Updates

Renal Complication of IVIg

Source: Letter from the FDA, September 29, 1999.

The fda has alerted physicians to the risk of acute renal failure associated with the administration of intravenously administered immune globulin (IVIg). A total of 114 cases of renal dysfunction and acute renal failure have been reported in association with infusion of IVIg; although most patients recovered with supportive care, 17 cases were fatal. Most of the patients were older or had severe underlying disease. Just over half the cases occurred in patients with ITP, who often receive multiple sequential infusions at higher dosages compared with other recipients.

Histopathology available in 15 cases demonstrated acute tubular necrosis, vacuolar degeneration, and osmotic nephrosis—suggestive of osmotic injury to the proximal tubules. Indeed, 88% of U.S. cases of renal toxicity occurred in patients receiving sucrose-containing products, which are hyperosmolar. Available sucrose-containing products include those manufactured by the Central Laboratory, Swiss Red Cross (distributed by Novaritis Pharmaceuticals as Sandoglobulin® and the American Red Cross as Panglobulin®), which are responsible for 69% of reported cases, and Gammar® products, which are responsible for another 22% of reported cases. An additional 9% of cases have been associated with nonsucrose-containing products.

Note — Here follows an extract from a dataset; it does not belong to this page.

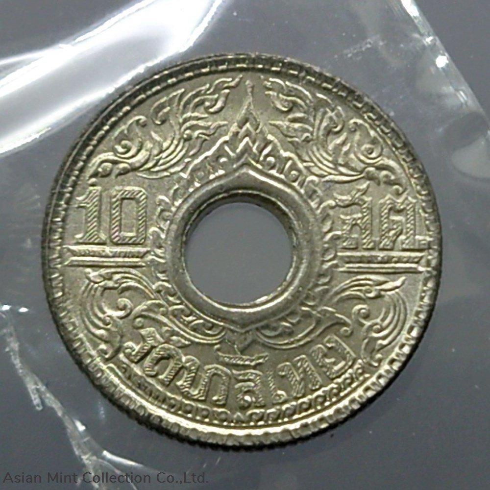 1945 – Thailand 1945 – 10 Satang Tin Coin – Bua Kanok Khaeng Singh Pattern, unused.

The FDA stressed that caution should be used when administering these products to patients who are elderly, have diabetes, pre-existing renal disease, paraproteinemia, evidence of volume depletion, or hypotension. Patients should be adequately hydrated before receiving these products. While the duration of infusion time has not been analyzed as a factor, these products should be administered as slowly as is practical (no more than 3 mg sucrose/kg/min or approximately 2 mg/kg/min for Sandoglobulin® and Panglobulin® and 1 mg/kg/min for Gammar® -P.I.V. products). You might want to check with your pharmacist for assistance when calculating the timing of an infusion. Patients should be advised of the potential risk of kidney damage and instructed to report any symptoms associated with fluid overload or decreased urine output.


Chronic Leg Ulcers Due to Hydroxyurea

Source: Sirieix ME, et al. Arch Derm 1999;135:818-820.

Hydroxyurea (hu) has been widely used in the suppression of chronic myeloproliferative disorders, as well as, more recently, in the treatment of HIV. A lesser known side effect of this agent is the development of chronic lower extremity ulcerations, which occurs in up to 8.5% of patients with myeloproliferative disorders receiving continuous HU therapy.

Sirieix and colleagues reviewed a total of 41 cases of chronic lower extremity ulcerations in patients receiving chronic maintenance therapy with HU for hematologic malignancy (mean duration of therapy, 5 years). Most of the patients were elderly and had poor wound healing, although there was no evidence of vascular compromise. The ulcerations promptly resolved in 80% of patients when HU was withheld. While the cause is not known, it has been suggested that the ulcerations may be the result of stasis changes from megaloblastic red cells, similar to that seen in hereditary blood dyscrasias, such as thalasemia, sickle cell disease, and spherocytosis. Interestingly, similar lower extremity ulcerations have not been described in patients with HIV infection, although macroerythrocytosis commonly occurs in those receiving zidovudine and HU. Topical GM-CSF has also been described as of potential benefit in the promotion of wound healing in some cases.


Moxifloxacin Penetrates Inflamed Skin

Source:Muller M, et al. Antimicrob Agents Chemother 1999;43:2345-2349.

Moxifloxacin is a promising new quinolone antibiotic with activity similar to trovafloxacin. To investigate the concentration of drug achieved in different body compartments in people, 12 healthy volunteers received a single oral dose of 400 mg or a single intravenous bolus of 400 mg over one hour. Concentrations of drug were measured in cantharides-induced skin blisters, saliva, and capillary plasma. Concentrations of free unbound drug in plasma rapidly equilibrated with the interstitial compartment. While the levels of moxifloxacin in capillary plasma and saliva were similar to that in plasma, the concentration of drug in skin blisters was 50% greater. These data suggest that moxifloxacin has excellent penetration of inflammatory interstitial fluid and damaged soft tissues.